Gaja’s father worried that the heavy pruning and low yield would bankrupt the winery.

The son says the pruning and his new thinking was inspired by travels in France “where they respect wine from their heart,” and the Napa Valley where they act with courage.

Gaja has never considered expanding production outside Europe, and he declined a joint venture with Robert Mondavi, a major Napa winery, saying the pairing would be “like a mosquito having sex with an elephant, very dangerous and without much pleasure.”

“That doesn’t mean there isn’t quality wine outside Europe.
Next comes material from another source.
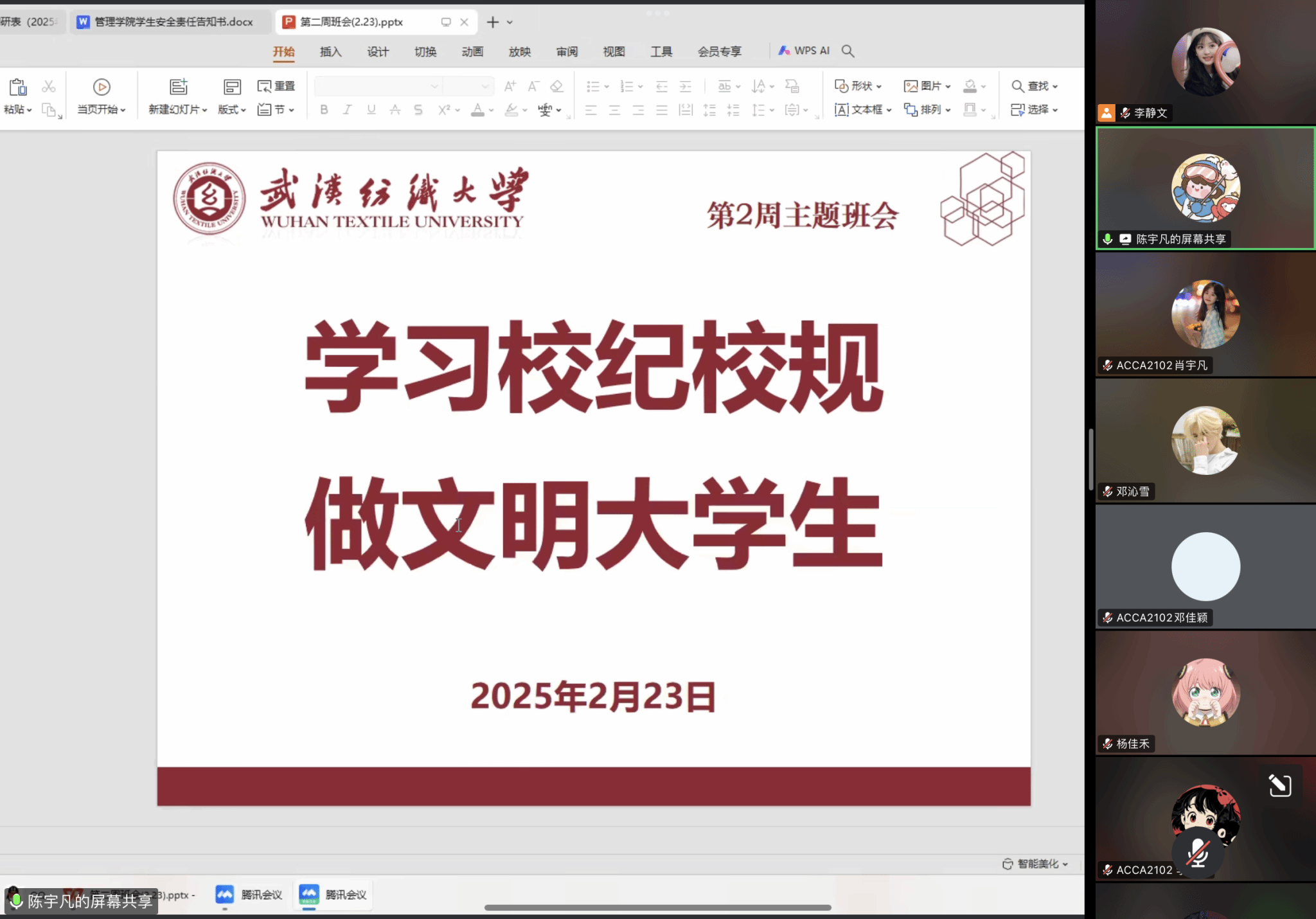 2024级各班主任组织学生召开“学习校纪校规,做文明大学生”主题班会,围绕《威廉希尔体育本科生考勤及请假管理办法》、《学生违纪处分办法》、《学生申诉处理办法》和《本科生勤工助学管理办法》等文件展开学习,详细解读了考勤制度、请假流程、违纪行为及处分、申诉程序以及勤工助学政策等内容,激励大家争做新时代优秀大学生,遵循校纪校规,绽放美好年华。

It’s just because I am European, both genetically and culturally, with a characteristically regional way of thinking,” he says.

He tells his daughter Gaia, who is responsible for distribution, that to really explore the overseas market, she should thoroughly understand foreigners, “who think totally differently from us.”

The vintner is gradually passing on his business to his two daughters, but he is not backing away. “We have an agreement and they never push me to retire,” says the father.

Global warming started to have an impact on the wine industry around 1995, he says, and the wine rules are being rewritten because of it.

The “advantage” of global warming is that summers are hotter, longer and drier, which is good for grape ripening and leads to increasingly stable wine quality. But longer summer also means more pests and disease. Some new diseases have emerged and they cannot be handled the old way, he says.

“I don’t want to increase the chemical dosage. Land is a vintner’s most valuable asset and must be treasured. I am trying to use the vine’s own strength and minimize the use of artificial chemicals,” Gaja says.

He has established a research team, including a botanist, entymologist and biologist, to fight weeds, insects and disease by using their natural enemies. “I am doing this gingerly because these are all entirely new problems, we have no experience for reference,” the vintner says.